Carter Beats the Devil
- 1st Edition Cover (2001) of Carter Beats the Devil published by Hyperion Books
- Author: Glen David Gold
- Illustrator: (Reprints of posters) Nielsen Poster Collection
- Language: English
- Genre: Historical Mystery Thriller novel
- Publisher: Hyperion Books (US) Sceptre (UK)
- Publication date: 16 August 2001
- Publication place: United States
- Media type: Print (hardback)
- Pages: 576 (hardback, 2001)
- ISBN: 978-0-340-79497-5
- OCLC: 46847982

= Carter Beats the Devil =

2001 novel by Glen David Gold

Carter Beats the Devil is a historical mystery thriller novel by Glen David Gold centred on the American stage magician Charles Joseph Carter (1874–1936).

==Novel's title==
The title of the novel comes from Carter's evening length stage show, the third act of which is called "Carter Beats the Devil" and features Carter in a magician's duel with an assistant made up as the Devil.

==Summary==
The 1920s was a golden age for stage magic and Charles Carter is an American stage magician at the height of his fame and powers. At the climax of his latest touring stage show, Carter invites United States President Warren G. Harding on to stage to take part in his act. In front of an amazed audience, Carter proceeds to chop the president into pieces, cut off his head, and feed him to a lion, before restoring him to health. The show is a great success, but two hours later the president is dead, and Carter finds himself the centre of some very unwelcome attention indeed.

==Plot==
This novel is a fictionalised biography of Charles Joseph Carter. The main character, Carter, is followed through his career, from his first encounter with magic to his last performance.

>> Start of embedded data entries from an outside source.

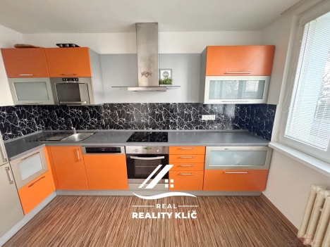 Dominantou bytu je prostorná kuchyně s moderní kuchyňskou linkou v kombinaci oranžových a šedých tónů, doplněná elegantní zástěnou v imitaci mramoru. Kuchyň je vybavena vestavěnými spotřebiči ? elektrickou troubou, mikrovlnou troubou, varnou deskou, digestoří a myčkou na nádobí. Velké okno zajišťuje dostatek denního světla a příjemný výhled.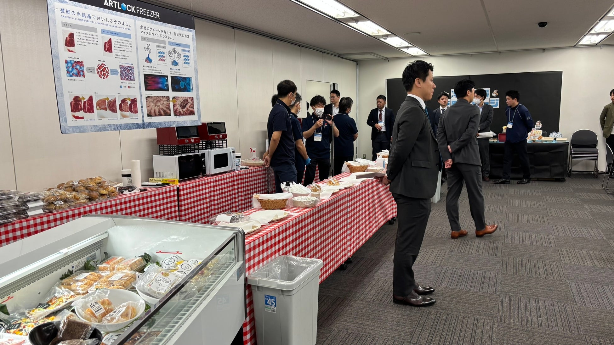 会場には、実際に商品化された高品質な冷凍食品各種(ローストビーフやパン、和菓子、ピザ、コロッケ、冷凍フルーツなど)を並べ、試食も提供。参加者アンケートでは、回答者の98.5%が満足(大変満足47.7%、満足50.8%の合計)と評価したほか、「最新の冷凍技術を体験して品質の高さを実感した」「試食の品質の良さに驚きました」といった声が多数寄せられました。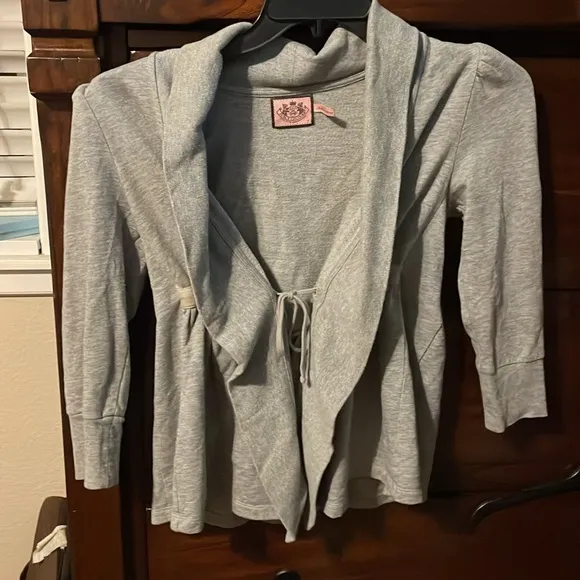 Pre Loved in Good Condition Y2K Juicy Couture Gray Tie Front Long Sleeve Cardigan Sz P (0) No known... Show more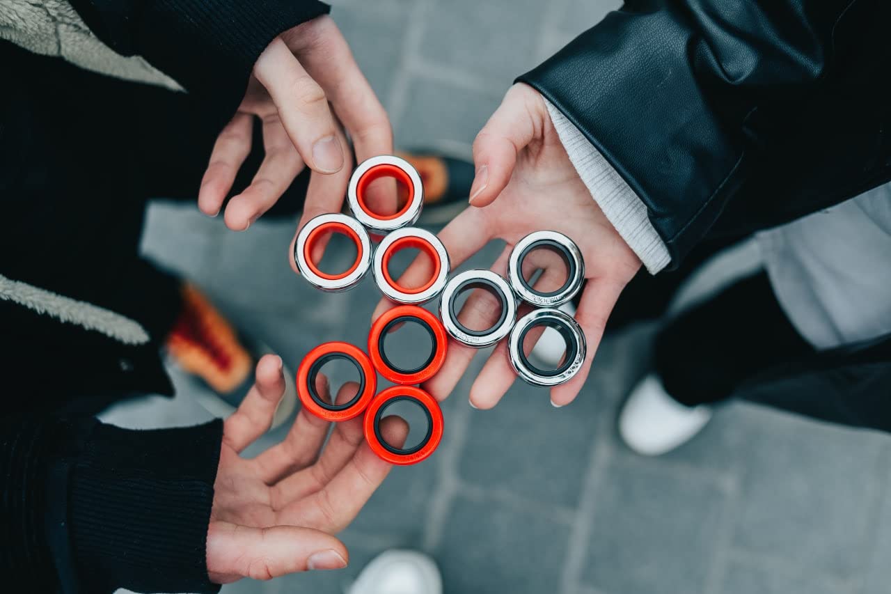 Amazon Fingears Magnetic Rings Set of 3 Fidget Toy Great Gift for Teens Adults ADHD Stress Relief Fidget Silver Red Toys Games Very well made.

Along the way he encounters many historical figures, including fellow magicians Harry Houdini and Howard Thurston, United States President Warren G. Harding, BMW founder Max Friz, the Marx Brothers, business magnate Francis Marion "Borax" Smith, the inventor of electronic television Philo Farnsworth, and San Franciscan madams Tessie Wall and Jessie Hayman.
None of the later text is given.